Mohammad Chowdhury launches Long Street Advisors

08 May 2023 Consultancy.com.au

Former PwC and Strategy& partner Mohammad Chowdhury has established his own consultancy, Long Street Advisors, with the aim to help clients add “meaning” to their digital strategies and programmes.

Taking to LinkedIn to announce his venture, Mohammad Chowdhury said, “Motivated by the significant opportunities for digital economy and inclusion, I am launching a new firm to support clients to enable “meaningful digitisation”.

Based out of Melbourne, Long Street Advisors helps clients in the technology, media and telecom sectors (Chowdhury previously led Strategy&’s TMT practice in Australia), as well as governments and investors. Drawing from a network of experts in multiple locations, Long Street Advisors will target clients in Australia, Asia, and Europe.

Mohammad Chowdhury launches Long Street Advisors

A more than three-decade consulting veteran, Chowdhury first joined PwC in London in 1990, having earned his masters in economics and development politics at the University of Cambridge. He has since amassed a glittering career, covering just about every corner of the globe.

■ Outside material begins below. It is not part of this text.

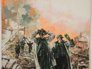 Couverture originale du roman de guerre de Jean-Michel Sorel: " Tornade sur Berlin " - Editions de l'Arabesque/Collection Baroud - 1965 - gouache couleur - signée par le peintre - 34,9 x 39,7 cm - sur carton fort. mentions au dos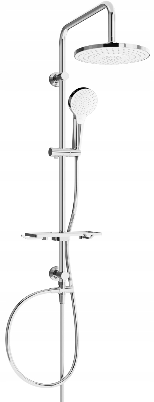 Душова колонка Mexen T05 з регульованою ручкою, шлангом, тропічним душем, ручкою та мильницею, хром/білий

After more than a decade in his first stint with PwC, which saw him deliver telecom assignments across Eastern Europe, the Middle East and Africa, Chowdhury then joined IBM Consulting (as part of its acquisition of PwC Consulting in the aftermath of the Enron scandal).

After six years with the tech giant, and a further two years with Vodafone in Egypt, Chowdhury in 2011 returned to the PwC fold as a partner in India, leading the firm’s national TMT segment for the next four years. Following a one-year sabbatical and a stint advising the Myanmar government on telecoms strategy, Chowdhury would then lead PwC’s TMT business for Southeast Asia and ANZ from Jakarta, before crossing with the firm to Melbourne in 2017.

After most recently serving both Strategy& and PwC as a partner focused on TMT and the digital economy, Chowdhury last month retired from the partnership.

“I am deeply grateful to my friends and colleagues at PwC [and Strategy&] for many years of collegiate friendship, through my first innings in the UK and US, and second innings in India, Indonesia and Australia, and running our TMT practice in several parts of the world. The partners who trained me years ago put in place the fundamentals for my professional career.”

Now, Chowdhury will leverage his track record to offer a range of services centred around three key areas: digital economy strategy, go-to-market for emerging technologies and digital-driven innovation, and scaling impact.

One motivation for establishing his own firm, he said, was the desire to support the deployment of digital infrastructure in a way that would ensure no one gets left behind. “I work in this sector because I care about opportunity, equality and inclusion.”